Omit the images. Reproduce each line of the records exactly as it appears.

Dataset:
* * * * * * * * *

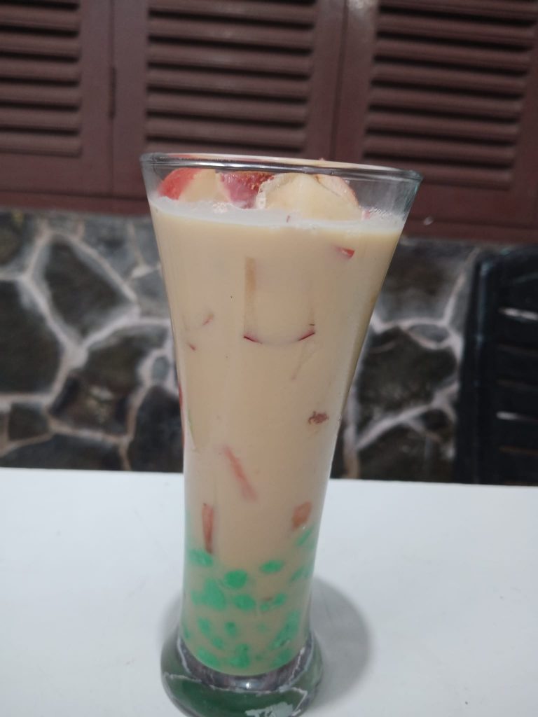 Trus lihat ada stok yoghurt. Ada krimer sachet. Campur dengan gula aren, blender sampai larut. Mirip santan di mataku. Entah bagi kalian.
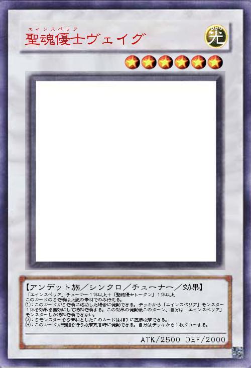 | 「エインスペリア」チューナー1体以上+「聖魂優士トークン」1体以上 このカードのS召喚は上記の素材でのみ行える。 ①:このカードがS召喚に成功した場合に発動できる。デッキから「エインスペリア」モンスター1体を効果を無効にして特殊召喚する。この効果の発動後このターン、自分は「エインスペリア」モンスターしか特殊召喚できない。 ②:SモンスターをS素材としたこのカードは相手に直接攻撃できる。 ③:このカードが戦闘を行う攻撃宣言時に発動できる。自分はデッキから1枚ドローする。 | |||
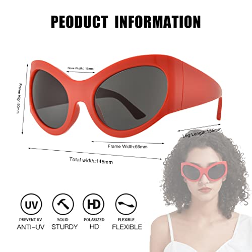 • 【Wrap Around Vibe and Vintage Design】: Flexible curved oversized oval frame offers more unique Wrap Around Feel. Flattering lines and aesthetically pleasing appearance. These oval sunglasses are imbued with a vintage inspired feel, Reimagined with a futuristic approach.
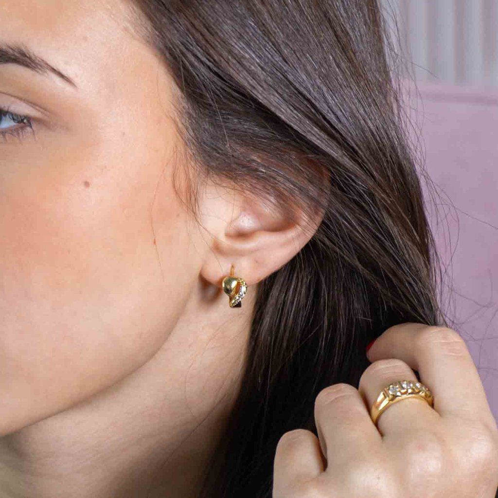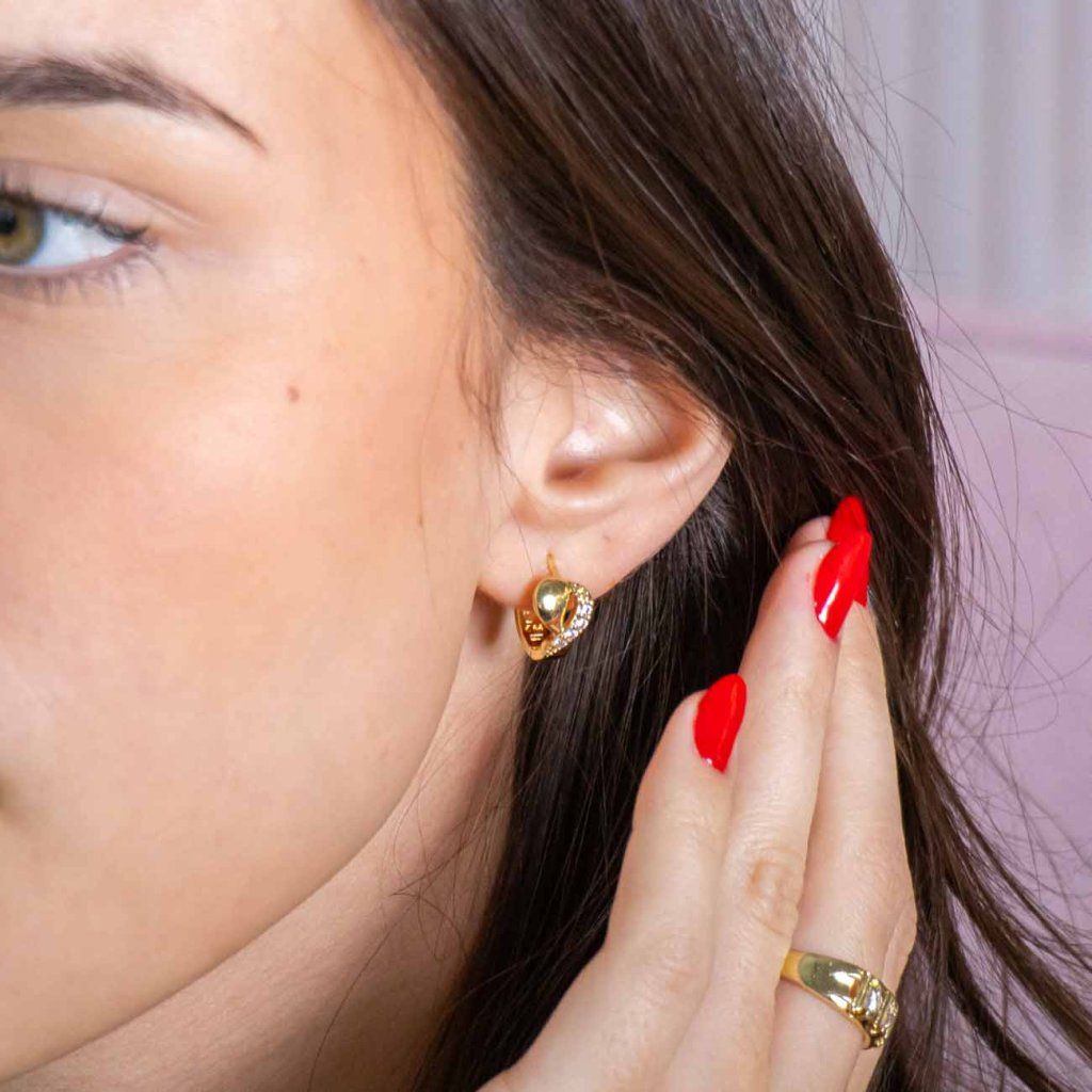 Cercei rotunzi delicati cu un detaliu distinctiv de inimioară și încrustați cu zirconii strălucitoare vor adăuga un accent delicat, dar elegant, ținutei dumneavoastră. Designul elegant, combinat cu un luciu discret, creează o bijuterie care subliniază farmecul natural și eleganța.
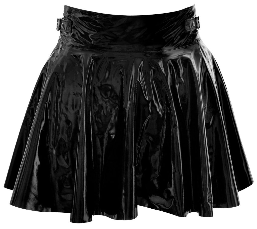 Hagyd, hogy ringjon! Ez az extrém módon kiszélesített miniszoknya vinylből készült, és mindkét oldalon kis csatokkal van ellátva. Csábító mozdulatra vár, hogy viselője minél több bőrt villantson meg. És ha ez nem lenne elég, az elülső 2-irányú cipzár is kinyitható.

* * * * * * * * *

Task output:
 Trus lihat ada stok yoghurt. Ada krimer sachet. Campur dengan gula aren, blender sampai larut. Mirip santan di mataku. Entah bagi kalian.
 | 「エインスペリア」チューナー1体以上+「聖魂優士トークン」1体以上 このカードのS召喚は上記の素材でのみ行える。 ①:このカードがS召喚に成功した場合に発動できる。デッキから「エインスペリア」モンスター1体を効果を無効にして特殊召喚する。この効果の発動後このターン、自分は「エインスペリア」モンスターしか特殊召喚できない。 ②:SモンスターをS素材としたこのカードは相手に直接攻撃できる。 ③:このカードが戦闘を行う攻撃宣言時に発動できる。自分はデッキから1枚ドローする。 | |||
 • 【Wrap Around Vibe and Vintage Design】: Flexible curved oversized oval frame offers more unique Wrap Around Feel. Flattering lines and aesthetically pleasing appearance. These oval sunglasses are imbued with a vintage inspired feel, Reimagined with a futuristic approach.
 Cercei rotunzi delicati cu un detaliu distinctiv de inimioară și încrustați cu zirconii strălucitoare vor adăuga un accent delicat, dar elegant, ținutei dumneavoastră. Designul elegant, combinat cu un luciu discret, creează o bijuterie care subliniază farmecul natural și eleganța.
 Hagyd, hogy ringjon! Ez az extrém módon kiszélesített miniszoknya vinylből készült, és mindkét oldalon kis csatokkal van ellátva. Csábító mozdulatra vár, hogy viselője minél több bőrt villantson meg. És ha ez nem lenne elég, az elülső 2-irányú cipzár is kinyitható.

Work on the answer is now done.